YOUR GOAL -
Skip the pictures. Retype exactly, and only, the lines between the line holding "Veste zippée confectionnée" and the last line below, inclusive.

THE DATA Start Marker

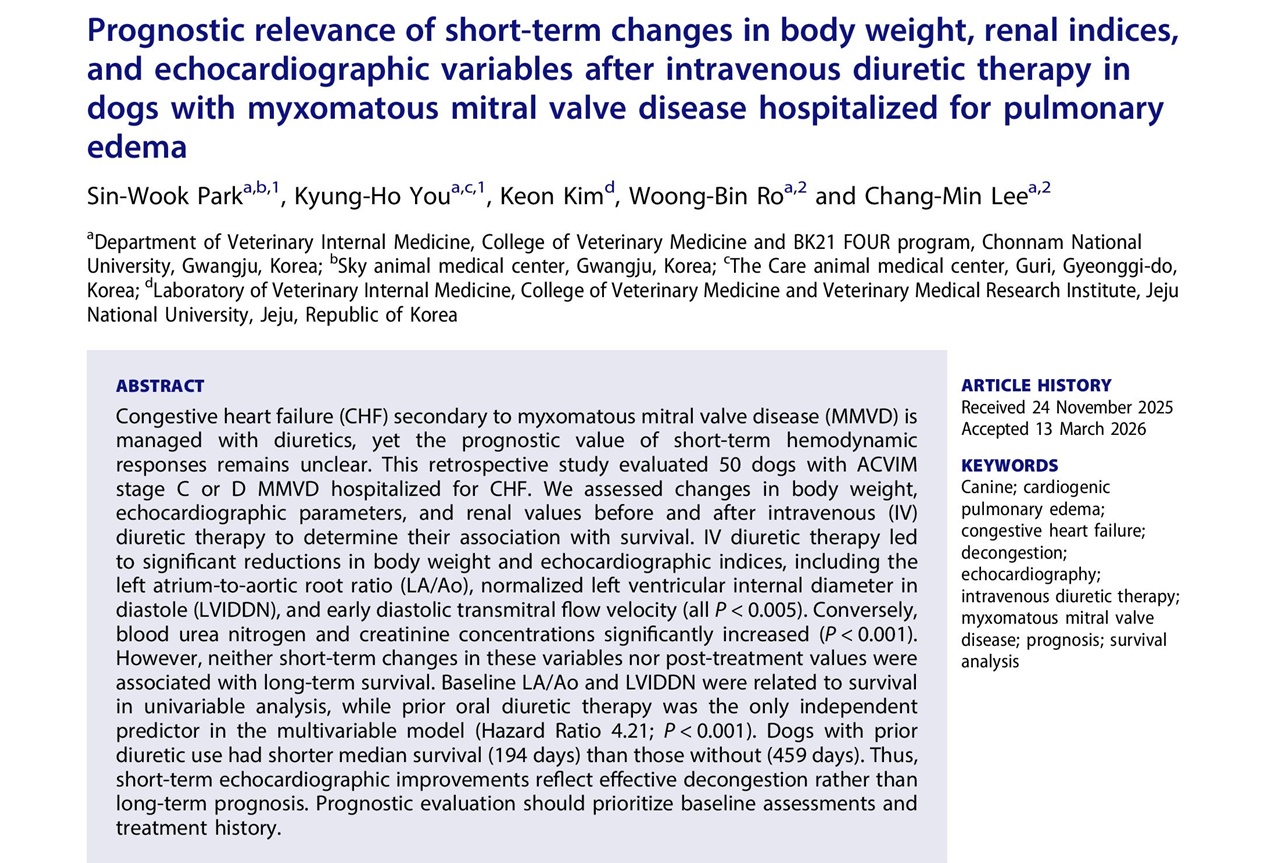 논문은 최근 수의학 분야 SCIE 저널인 Veterinary Quarterly에 게재됐다(Prognostic relevance of short-term changes in body weight, renal indices, and echocardiographic variables after intravenous diuretic therapy in dogs with myxomatous mitral valve disease hospitalized for pulmonary edema).
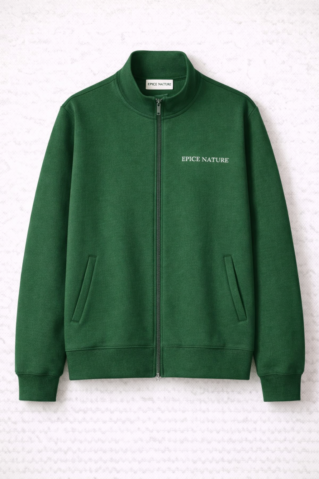 Veste zippée confectionnée en coton premium épais, pensée comme une pièce centrale du vestiaire sport-luxe EPICE NATURE.
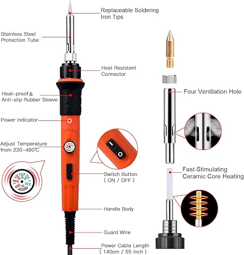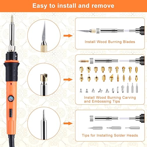 Brandmalerei Lötkolben Set, Brandmalkolben Set Temperatur Einstellbar 220~480 ℃ für Holz Leder Brennkolben DIY Kunst Geschenkset Farbstifte, Leder Gravieren Schweißen, Skulptur Holzbrandmalerei
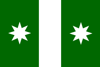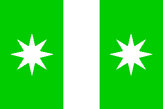 Vertically striped (dark) green-white-(dark) green, proportions 7+4+7. Centred on each green stripe, a white eight-pointed star with an (outer) diameter 1/3 of the flag's height. Ratio 2:3.

THE DATA End Marker

SOLUTION FOR THIS EXERCISE -
 Veste zippée confectionnée en coton premium épais, pensée comme une pièce centrale du vestiaire sport-luxe EPICE NATURE.
 Brandmalerei Lötkolben Set, Brandmalkolben Set Temperatur Einstellbar 220~480 ℃ für Holz Leder Brennkolben DIY Kunst Geschenkset Farbstifte, Leder Gravieren Schweißen, Skulptur Holzbrandmalerei
 Vertically striped (dark) green-white-(dark) green, proportions 7+4+7. Centred on each green stripe, a white eight-pointed star with an (outer) diameter 1/3 of the flag's height. Ratio 2:3.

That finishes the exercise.